Any FF F1.4 pushes APS-C into blurry F0.9 territory.


----------



## unfocused (Jun 7, 2017)

ecka said:


> Do you realize that your 11-200 M glass is equivalent to 18-320 F5.6-10 FF?



Do you realize that's a load of crap?

Sorry to pick on you ecka, but I am sick and tired of people misrepresenting equivalency in crop sensors. An EF-M lens of f3.5 has exactly the same light gathering capability of an EF lens of f3.5. There is a reason why f-stops are standardized and that is so that they render the same exposure regardless of the size of the sensor.

It is ONLY in terms of depth of field that there is a difference, and that difference is completely the result of point-of-view, not sensor size. Stand in the same position and shoot the same subject with a 200 mm lens at f8 on a crop body and a 200 mm lens on a full frame body at f8 and then crop the full frame image to the same identical field of view and there will be no difference in depth of field. Differences arise only when you move the camera to try to create a similar field of view from two different vantage points.

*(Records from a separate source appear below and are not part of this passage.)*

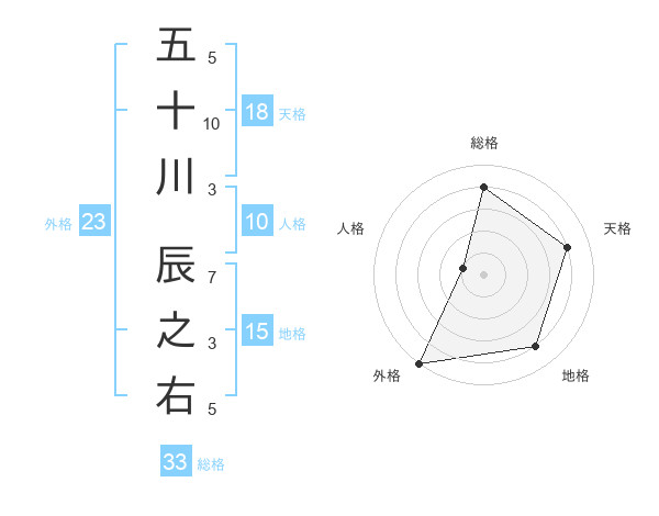 五十川 辰之右さんを姓名の画数から五運を鑑定
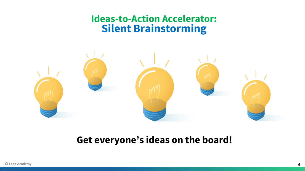 [Before Speaking] Be sure Silent Brainstorming slide is on screen. [To Read Aloud] Through our meeting, we’ll use Ideas-to-Action Accelerators – proven practices for getting results. Our first accelerator is Silent Brainstorming for quickly capturing everyone’s ideas. We’ll work individually and quietly because this generates more ideas and reveals our different perspectives. When we work […]
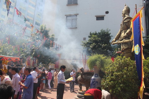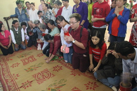 ![]() Dâng hương trước tượng Hưng Đạo Vương. ![]() Xin lộc |
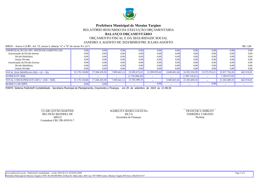 Conforme MP n° 2.200-2 de 24/08/2001, que institui a infraestrutura de chaves Públicas. Matéria Publicada no Diário Oficial do Município de Messias Targino/RN no dia - Edição 01135.
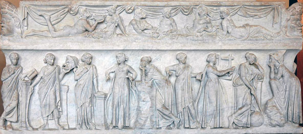 בשירתן המוזות יצרו מציאות מדומה וצבעו את החיים בוורוד. יכולתן להקנות שמחה בלב אדם היתה לעיתים מראית עין בלבד. אדם ששמע את שירת המוזות שכח את צרותיו ואת המציאות המחכה לו מעבר לפינה.  דמותן של תשע המוזות על סרקופג (ארון קבורה עשוי מאבן) מהמאה ה-2 לספירה. מאוסף מוזיאון הלובר בפריז
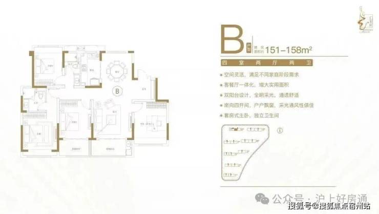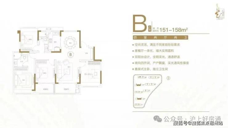 建面约151-158㎡四室两厅两卫户型特点:客餐厅一体化,空间实用,尺度开阔;多功能间设计,满足不同居住需求;全明采光布局,横厅设计,明厨明卫;南向四开间,主生活区域朝南,阳光清风常伴;套房式主卧,主卧带飘窗,独立衣帽卫。
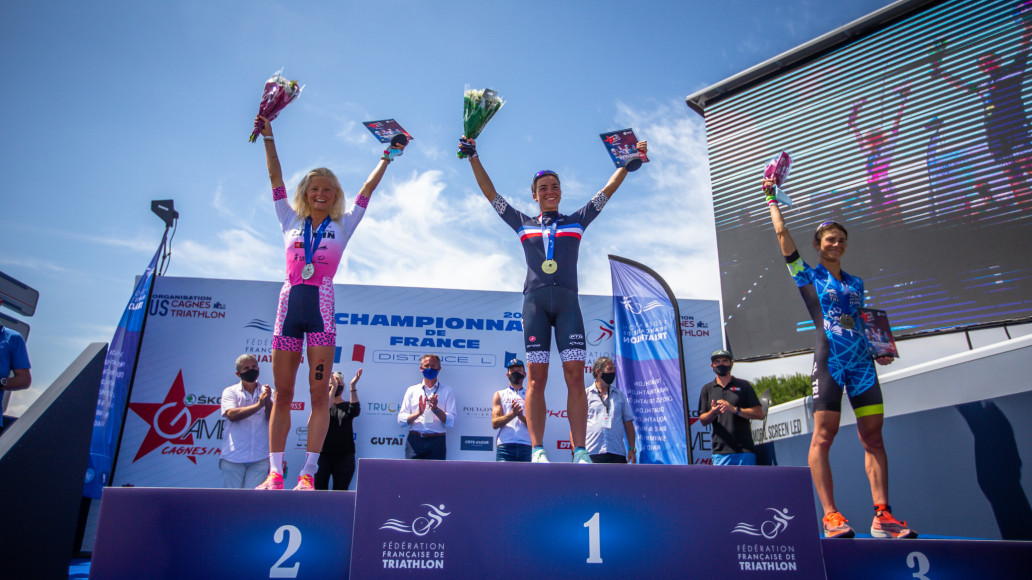 Manon Genêt, Championne de France de Triathlon longue distance 2021 : “Le titre de championne de France, ça me manquait. Je suis vraiment heureuse de l’avoir. Aujourd’hui c’était une belle bataille contre toutes les filles mais aussi contre moi-même. Je n’ai pas l’habitude à la sortie de la natation d’être aussi bien placée et cela aurait pu un peu me déstabiliser mais en fait, j’ai été un peu préparer à cela ces derniers temps. Après, j’ai simplement essayé de faire ce que je sais faire à l’entraînement et de voir ce dont j’étais capable aujourd’hui. Je crois que le travail a payé, même s' il va falloir continuer à bosser.”
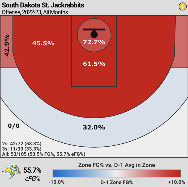 That said, South Dakota State is no slouch on offense. The Jackrabbits are ranked 65th in Adjusted Offensive Efficiency (KenPom) for a reason.
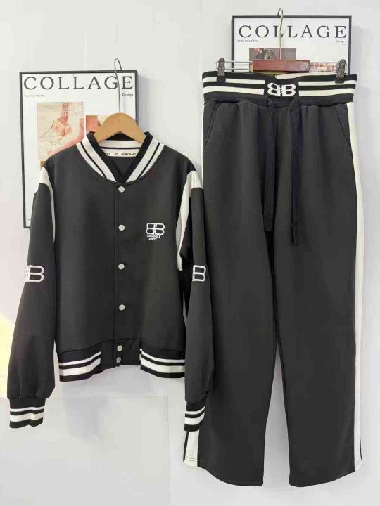 巨好看的早秋时尚卫衣套装女高级感黑色棒球服外套阔腿裤两件套潮,数量400套,码数M-2XL,独立包装,货品干净漂亮。
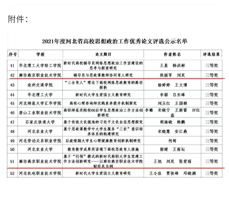近日,2021年度河北省高校思想政治工作优秀论文评选结果公示,我系辅导员王旭老师和侯丽军老师分别作为第一作者撰写的论文均获得三等奖。此次活动,经过河北省学校德育工作中心、高校思想政治工作队伍培训研修中心(河北师范大学)对论文进行文献检测、专家评审,共评选出优秀论文60篇,其中一等奖10篇,二等奖20篇,三等奖30篇。
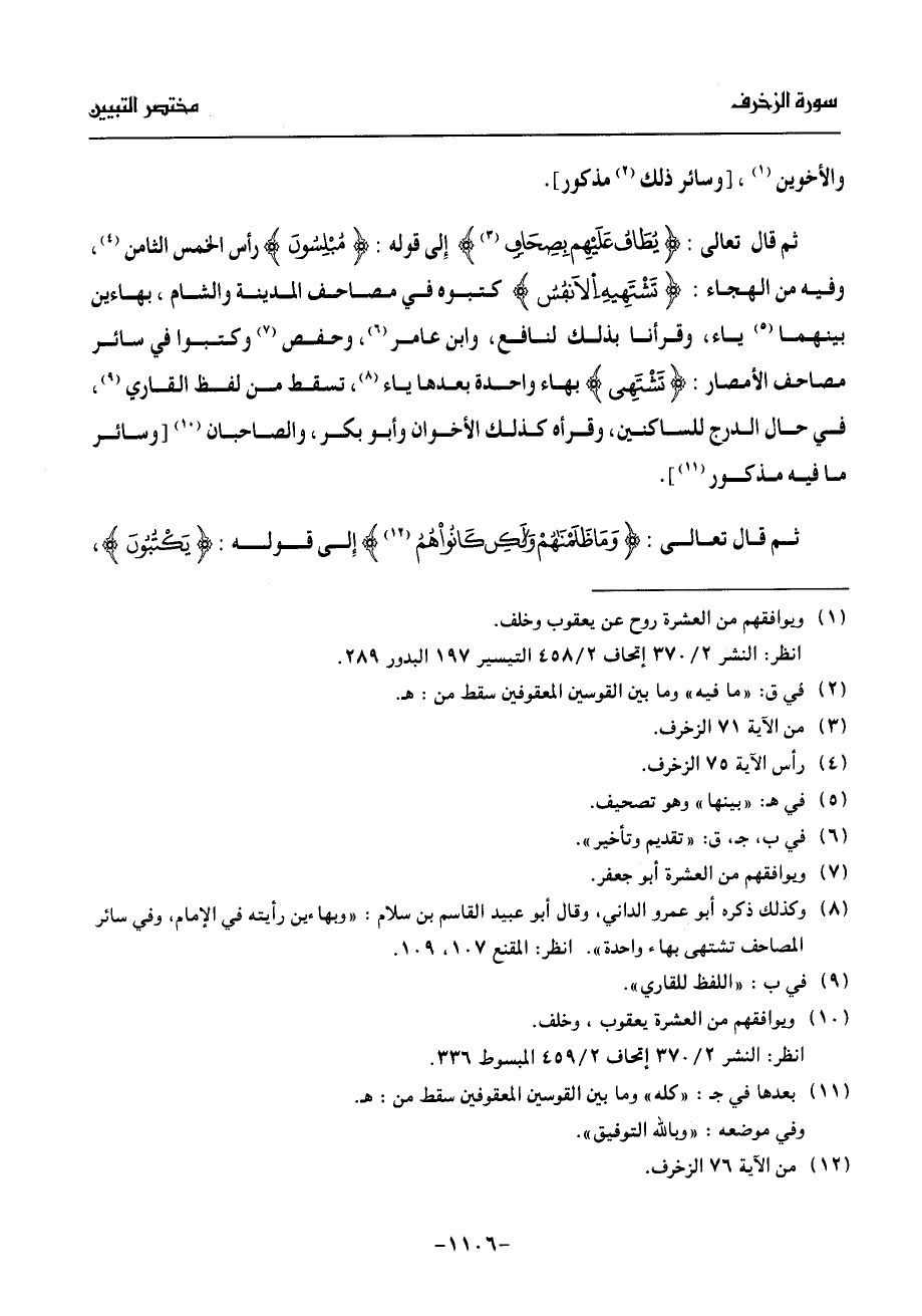 ثم قال تعالى: يطاف عليهم بصحاف (¬3) إلى قوله: مبلسون رأس الخمس الثامن (¬4)، وفيه من الهجاء: تشتهيه الانفس كتبوه في مصاحف المدينة والشام، بهاءين بينهما (¬5) ياء، وقرأنا بذلك لنافع، وابن عامر (¬6)، وحفص (¬7) وكتبوا في سائر مصاحف الأمصار: تشتهى بهاء واحدة بعدها ياء (¬8)، تسقط من لفظ القاري (¬9)، في حال الدرج للساكنين، وقرأه كذلك الأخوان وأبو بكر، والصاحبان (¬10) [وسائر ما فيه مذكور (¬11)].

Now, if you want to argue that EF lenses tend to be faster than EF-M lenses and that that increase in f stop contributes to the weight difference, that is legitimate. But, if the user doesn't need the faster glass and isn't all that concerned about shallow depth of field, then crop sensor lenses do offer significant size and weight advantages for equivalent focal lengths.


----------



## neuroanatomist (Jun 7, 2017)

unfocused said:


> ecka said:
> 
> 
> > Do you realize that your 11-200 M glass is equivalent to 18-320 F5.6-10 FF?
> ...



Are we going to have to discuss equivalence yet again? :

Sure, it's true that light gathering is the same as far as the lens goes. But we're comparing sensors of different size, so the same 'exposure' (light per unit area) falling on a smaller sensor, means less total light is captured, which means more noise for the same image...and _that_ difference is completely the result of sensor size.


----------



## unfocused (Jun 7, 2017)

neuroanatomist said:


> Are we going to have to discuss equivalence yet again? :...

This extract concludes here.